A crackdown by the United States on cotton imports from China's Xinjiang region is a "big red flag" that should spur retailers to ensure their supply chains are free of forced labor involving Uighur Muslims, according to a senior US customs official.
US Customs and Border Protection (CBP) said this week it would detain all imports of cotton and tomato products from Xinjiang and require companies to either prove the products were slavery-free or ship them elsewhere.
The United Nations estimates at least 1 million Uighurs and other Muslims have been detained in Xinjiang, and many are said to be put to work. China denies mistreatment and says the camps are vocational training centers needed to combat extremism.
CBP official Brenda Smith said seizing imports would "send a message" over forced labor concerns in Xinjiang but that businesses had an even bigger role to play in preventing tainted cotton from entering the United States.
"(The order) is a big red flag ... a strong recommendation that the business community remove the risk from their supply chains," Smith, executive assistant commissioner of CBP's trade office, told the Thomson Reuters Foundation in an interview.
"What is most important is that businesses hear the message and take action."
Smith said she expected US retailers to do due diligence down to the third or fourth tiers of their supply chains. Yet labor rights campaigners say most brands have limited to no knowledge around sourcing beyond their main "Tier 1" suppliers.
The US government agency estimates that about $9 billion of cotton goods and $10 million worth of tomato products were imported from China into the United States in the past year.
Under a 2016 law, it is illegal to import goods into the United States that are made entirely or in part by forced labor - which includes prison work, bonded labor and child labor.
The western province of Xinjiang - home to about 11 million ethnic Uighurs - produces about 85% of China's cotton and 20% of the global supply, which is used by fashion brands worldwide.
The region-wide crackdown follows a move last month to block cotton imports from China's largest producer, the military-linked Xinjiang Production and Construction Corps (XPCC).
About 43 shipments of cotton-based goods have been detained at US entry ports since the XPCC order, according to CBP.
Labor rights and supply chain experts have welcomed the Xinjiang-wide order but said enforcing it would be difficult.
Apparel and retail groups said in a joint statement this week that members were working to remove forced labor from their supply chains but hoped to work with CBP "to make sure that enforcement is smart, transparent, targeted and effective".

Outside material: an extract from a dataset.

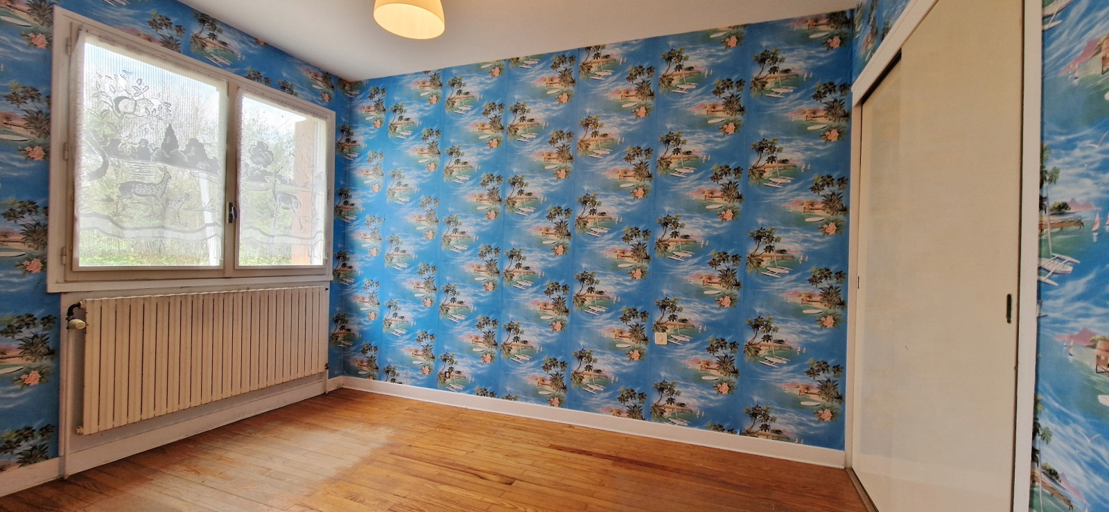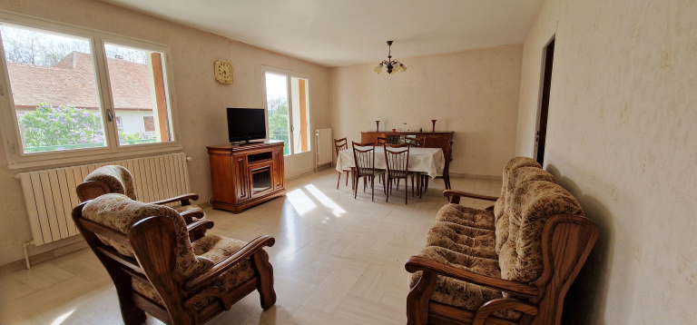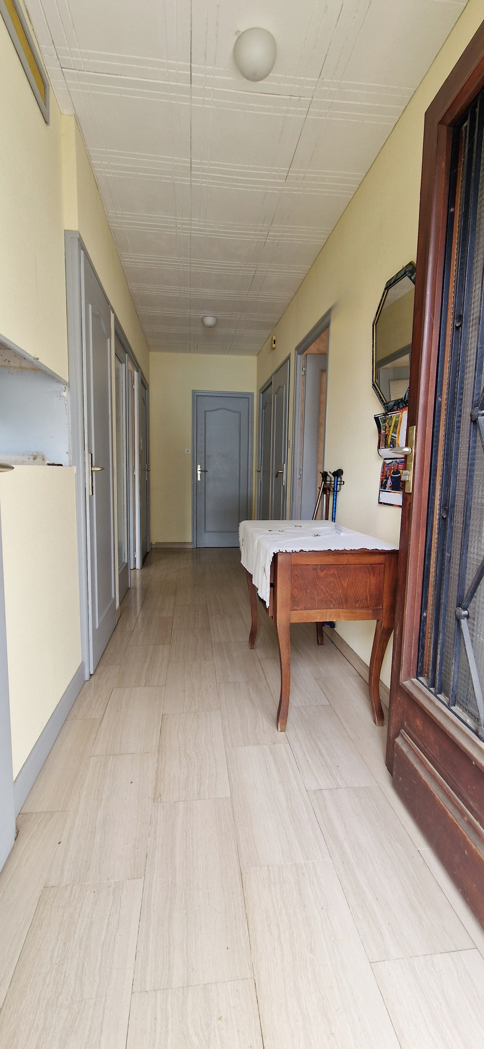 La maison possède deux entrées qui permettent de modifier la distribution intérieure qui est actuellement composée comme ce qui suit : un salon séjour de 28 m2, une cuisine de 11 m2, 3 chambres de 11 à 12.50 m2, une salle de bain, une salle d'eau, un grand hall d'entrée de 12.40 m2 pouvant devenir une chambre.

While most brands say they do not source directly from factories in Xinjiang, their supply chains are likely tainted by cotton picked by Uighurs that is exported across China and used by other suppliers, according to campaigners and researchers.
"The complexity and opacity of the brands' supply chains create major challenges and CBP's track record on enforcement is mixed, but it can be done," Scott Nova, head of the US-based Workers Rights Consortium (WRC), said in a statement this week.
CBP's drive to prevent imports made by forced labor has been hampered by a lack of skilled staff and reliable data, the US Government Accountability Office said in October.
The agency's efforts to address forced labor have "evolved significantly" over the last five years, Smith said. CBP was unable to provide data on staff numbers and budgets by deadline.
Smith acknowledged that implementing the new order would be challenging but said CBP was testing new technology to assess finished goods and garments and pinpoint the source of cotton.
"For now, the best way to identify origin of cotton is to go back and ask questions," she said. "That's certainly what we'll be doing and hope the business community will do as well."